Depression: Feeling hopeless, being angry at the self

Diabetes: Yearning for something which is no more in your life

Dizziness: Being ungrounded and/or lack of focus

Feet Issues: Not wanting to move forward

Finger Issues (Index): Going against authority and/or guardian/parent

Impotence: Anger bottled up towards a past partner and/or harnessing sexual guilt

Infection: Anger and/or irritation about a particular situation

Pain: Guilt, seeking to punish the self

Stroke: Not being allowed to deal with own emotions, difficulty in being authentic

Urinary Issues: Anger usually towards someone of the opposite sex, pisseed off


Metaphysically, nerves tell of hypertension, in both your feelings and beliefs—manifesting in physical body symptoms such as, in this case damaged nerves, neuropathy.


You are probably someone who has taken on more than your fair share not necessarily doing things for others but just by being an all-time workaholic. This pattern also means you don’t have to be aware of your feelings but all the time, your feelings are doing damage.

Overall, you are likely to have been overextending yourself by demanding too much of yourself physically, emotionally or mentally, or all three.

So often we place unreasonable expectations on ourselves, secretly (ie not consciously aware) believing we are the superhero. Looking back, after my diagnosis of neuropathy, I had numerous careers where I worked from dawn to dusk, working from early morning until late at night, every day of the week and most weekends, and even if I wasn’t physically at work, would be worrying about clients, and the politics of running an organisation. In short, I gave myself no let up. After all, I wasn’t exhibiting any signs or symptoms meriting medical attention.

But oh, had I known then what I know now.  

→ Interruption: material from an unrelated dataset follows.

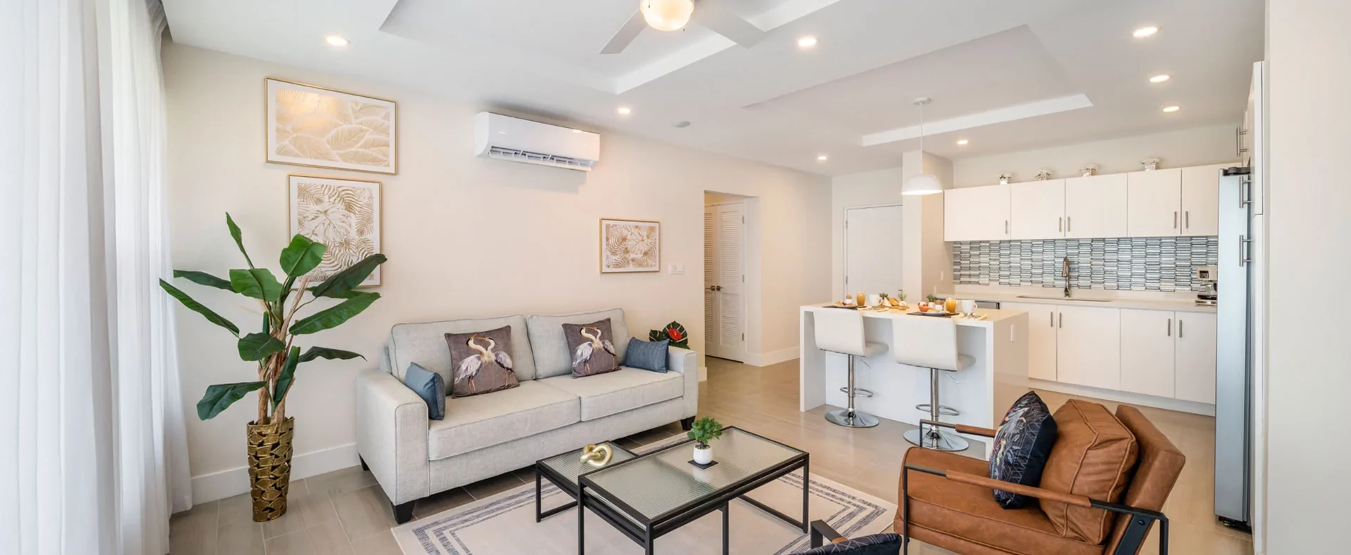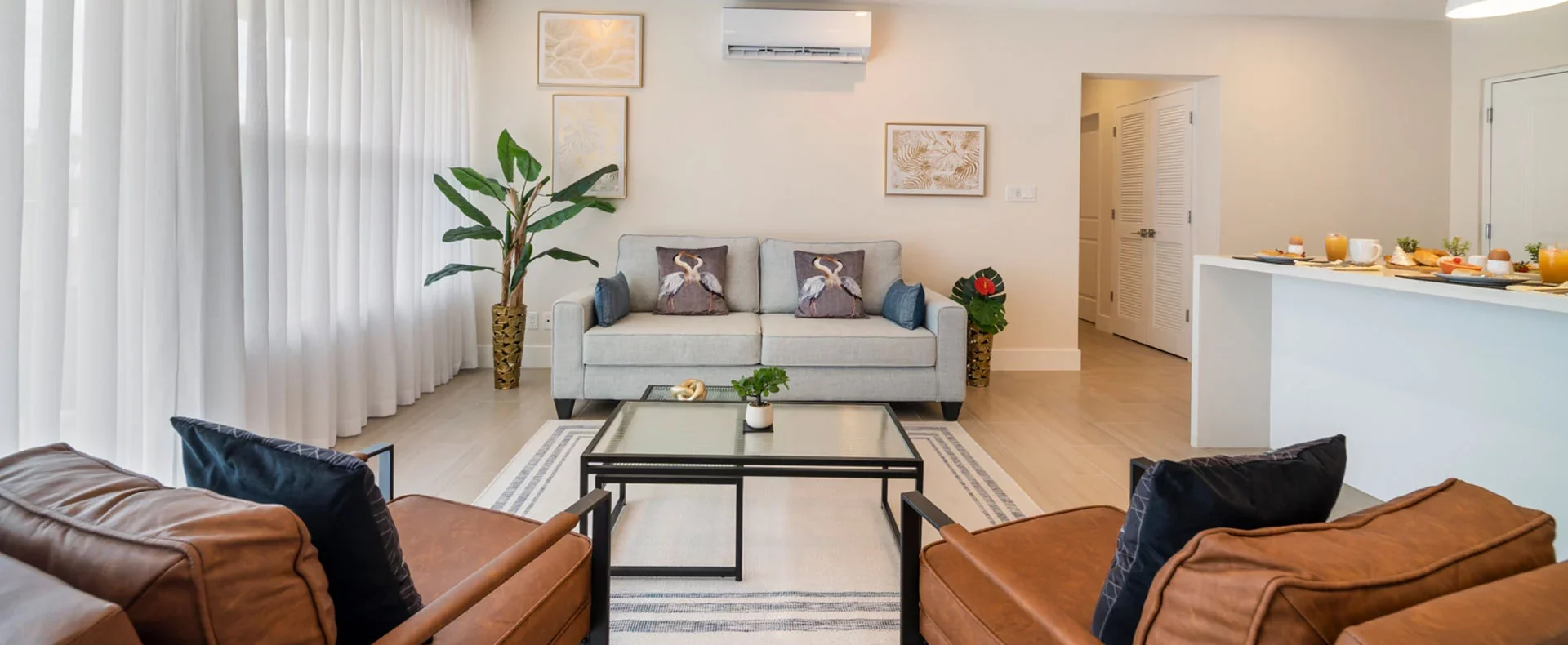 As you enter, the airy open-style layout welcomes you, showcasing a modern aesthetic with chic decor in soothing hues of blue and accents of radiant gold.

So you might want to consider whether you have an unreasonable expectation of your abilities, of your physical stamina. For all you know you could be stressing your body, attempting to make sure everything gets done, all the while depriving your body of much needed rest, relaxation, and enJOYment. You need time each day to allow the body to heal.

Key things to look out for:  if you find yourself becoming constantly angry, filled with resentment, carrying grudges and unforgiveness, know that you are putting tremendous stress on your whole body systems that will likely result in an overtaxed nervous system. If you internalise all those feelings, and beliefs that you or someone you know has to meet high standards, high expectations, high values, and do nothing to express them externally, you are cooking up the pressure cooker gearing toward a major explosion.

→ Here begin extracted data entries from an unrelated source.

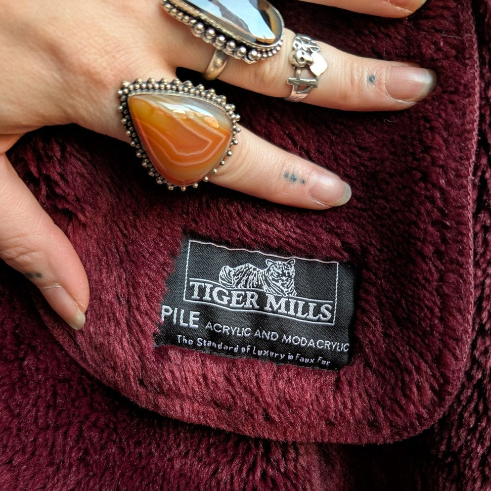 LOVE!! Gorgeous floor length festive chic penny lane trench in the perfect muted holiday vibe! Major 70s rock n roll girlfriend does 90s minimalist dark romance vibes. Deep burgundy maroon faux suede outer with sexy shaggy faux fur collar and trim. Baby soft and so divine! Super cozy full shag lining. Pockets, swirly button front closures. Mid to heavy, perfect for layers. Longline silhouette. Gently used, in excellent vintage condition.
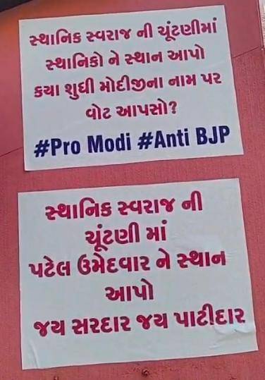 લાલગુરુ સર્કલ પાસે લગાવવામાં આવેલા આ પોસ્ટરોમાં સીધો સવાલ કરવામાં આવ્યો છે કે, “સ્થાનિક સ્વરાજ્યની ચૂંટણીમાં સ્થાનિક નેતાઓને ક્યાં સુધી ઊભા રાખી અને વડાપ્રધાન નરેન્દ્ર મોદીના નામે વોટ માંગશો?” પોસ્ટરોમાં સ્પષ્ટપણે લખવામાં આવ્યું છે કે હવે પાટીદારોને તક આપો અને પાટીદાર ઉમેદવારોને ટિકિટ આપી તેમને વિજેતા બનાવો.
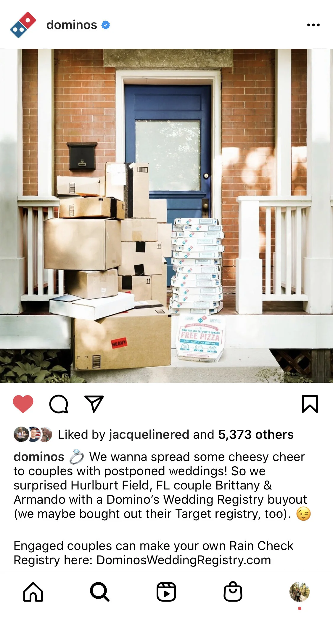 Then, the dumpster fire that was 2020 hit. And 63% of betrotheds had to postpone their nuptials due to COVID-19. So, we included a new Raincheck Registry option. It allowed would-be guests to buy gifts for the couple to ease the wait until their postponement date, with packages for the “Virtual Vendor Call-a-thon,” “Bridal Shower But Make it Virtual,” and of course, “The OG Wedding Date.” We even surprised a few Raincheck registrants by buying them their entire registries. Not just their Domino’s ones. All of them. Fine china included.

You may find it helpful to stop long enough to check in on what you are expecting of yourself (and others) and whether, given your present  circumstances, is it reasonable? You need balance in life, taking time out to discover the wonders that life has to offer.

But it’s not all about people who rush around in a frenzy, or work 24/7; even if you are living a relatively inactive life, you could be sat in one chair throughout the livelong day, fretting and angsting, stressing your nerves, often criticising yourself that you are not good enough because you are not living up to an internal expectation you have of yourself, or fretting over the future.

In her book, You Can Heal Your Life, Louise Hay sees nerves as related to “communication. Receptive reporters.” Which to me says much about the person, like myself once upon a time, who would dig in and drive, drive themselves forward, for perfectly valid reasons so this is not to blame, but creating untold levels of stress and pressure on all their systems and so intently focussed they were not listening to their body saying, “this is too much, ease up, listen to the real message beyond the pain, learn to relax.” Life doesn’t always have to be hard or a struggle.